(Given data)
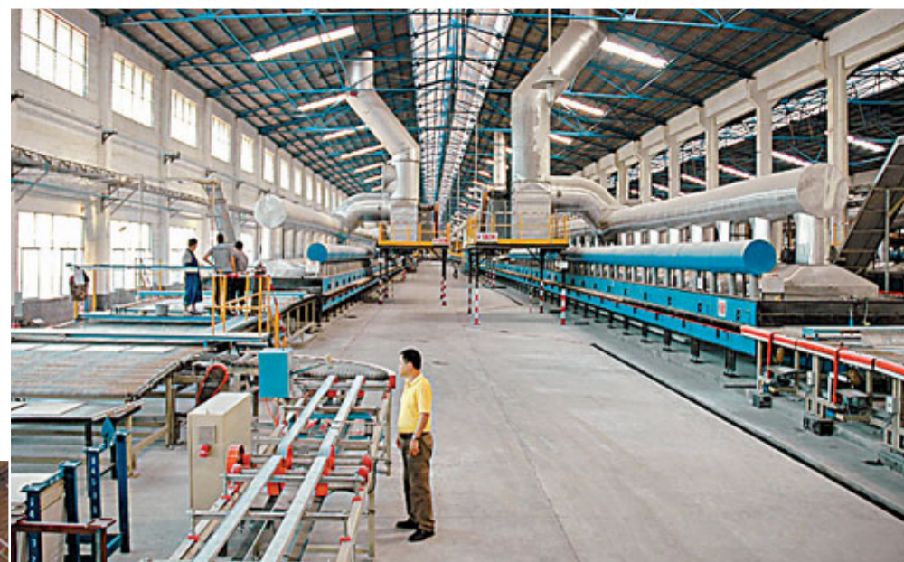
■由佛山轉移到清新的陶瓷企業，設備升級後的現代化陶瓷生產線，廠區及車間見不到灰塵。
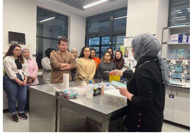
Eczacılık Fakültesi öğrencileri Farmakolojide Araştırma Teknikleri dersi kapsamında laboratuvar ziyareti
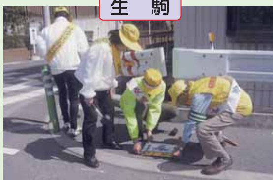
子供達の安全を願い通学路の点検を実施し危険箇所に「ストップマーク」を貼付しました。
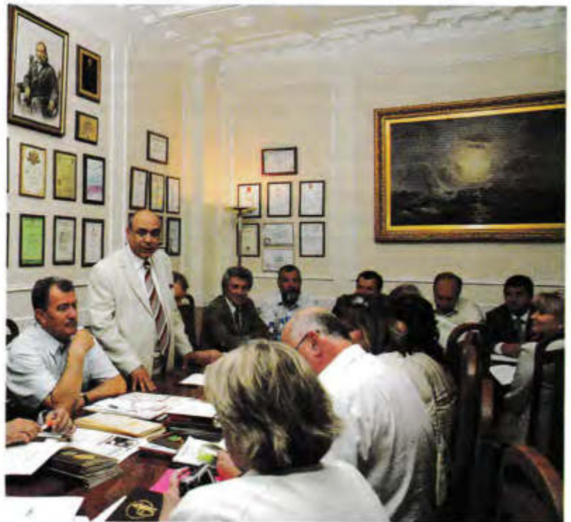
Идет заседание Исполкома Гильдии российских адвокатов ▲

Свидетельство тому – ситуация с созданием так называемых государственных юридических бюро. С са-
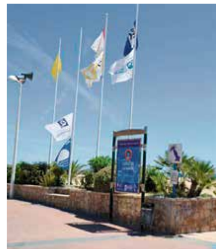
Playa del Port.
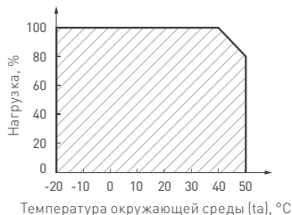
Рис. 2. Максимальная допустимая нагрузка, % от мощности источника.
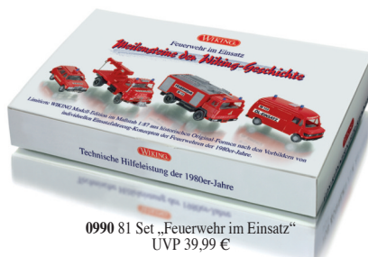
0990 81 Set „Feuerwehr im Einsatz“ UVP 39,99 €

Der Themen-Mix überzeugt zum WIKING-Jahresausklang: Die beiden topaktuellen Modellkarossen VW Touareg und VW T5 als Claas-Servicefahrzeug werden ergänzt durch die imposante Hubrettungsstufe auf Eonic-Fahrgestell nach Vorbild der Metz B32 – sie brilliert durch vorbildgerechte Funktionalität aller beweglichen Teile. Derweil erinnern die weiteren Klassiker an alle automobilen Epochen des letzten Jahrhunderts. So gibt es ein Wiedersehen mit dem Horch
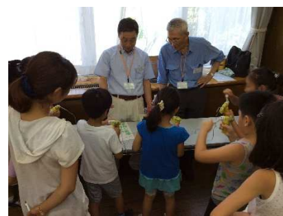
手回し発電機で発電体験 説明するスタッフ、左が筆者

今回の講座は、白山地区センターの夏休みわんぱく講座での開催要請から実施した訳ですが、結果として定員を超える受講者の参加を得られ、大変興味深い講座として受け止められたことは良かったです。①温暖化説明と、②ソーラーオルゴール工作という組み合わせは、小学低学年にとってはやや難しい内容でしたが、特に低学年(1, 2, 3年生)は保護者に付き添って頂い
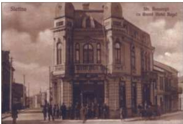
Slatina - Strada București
(End Given data)
(Given data)
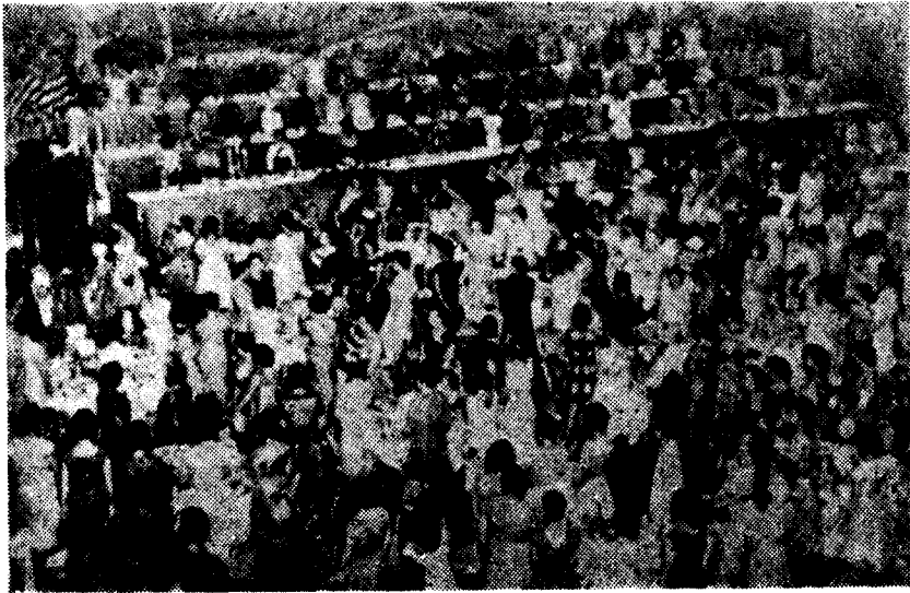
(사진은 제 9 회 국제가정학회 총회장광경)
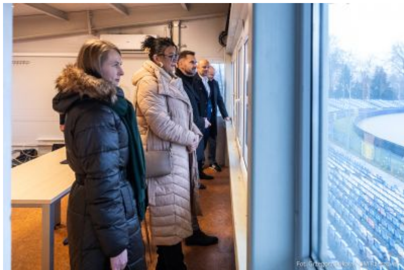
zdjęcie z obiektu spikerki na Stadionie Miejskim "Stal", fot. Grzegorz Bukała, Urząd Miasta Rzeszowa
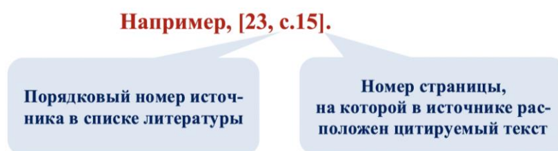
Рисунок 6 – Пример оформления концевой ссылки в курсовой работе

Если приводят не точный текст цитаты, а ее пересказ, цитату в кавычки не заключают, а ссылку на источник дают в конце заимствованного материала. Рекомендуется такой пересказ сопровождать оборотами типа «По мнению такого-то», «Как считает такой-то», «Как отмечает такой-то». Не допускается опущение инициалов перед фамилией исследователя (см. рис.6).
(End Given data)
■ **Assignment**:
What is needed is an exact copy of only the lines above from the one with "Der Themen-Mix überzeugt" to the one with "Slatina - Strada București", both kept, with every picture left out.

■ **Answer below**:
Der Themen-Mix überzeugt zum WIKING-Jahresausklang: Die beiden topaktuellen Modellkarossen VW Touareg und VW T5 als Claas-Servicefahrzeug werden ergänzt durch die imposante Hubrettungsstufe auf Eonic-Fahrgestell nach Vorbild der Metz B32 – sie brilliert durch vorbildgerechte Funktionalität aller beweglichen Teile. Derweil erinnern die weiteren Klassiker an alle automobilen Epochen des letzten Jahrhunderts. So gibt es ein Wiedersehen mit dem Horch
手回し発電機で発電体験 説明するスタッフ、左が筆者

今回の講座は、白山地区センターの夏休みわんぱく講座での開催要請から実施した訳ですが、結果として定員を超える受講者の参加を得られ、大変興味深い講座として受け止められたことは良かったです。①温暖化説明と、②ソーラーオルゴール工作という組み合わせは、小学低学年にとってはやや難しい内容でしたが、特に低学年(1, 2, 3年生)は保護者に付き添って頂い
Slatina - Strada București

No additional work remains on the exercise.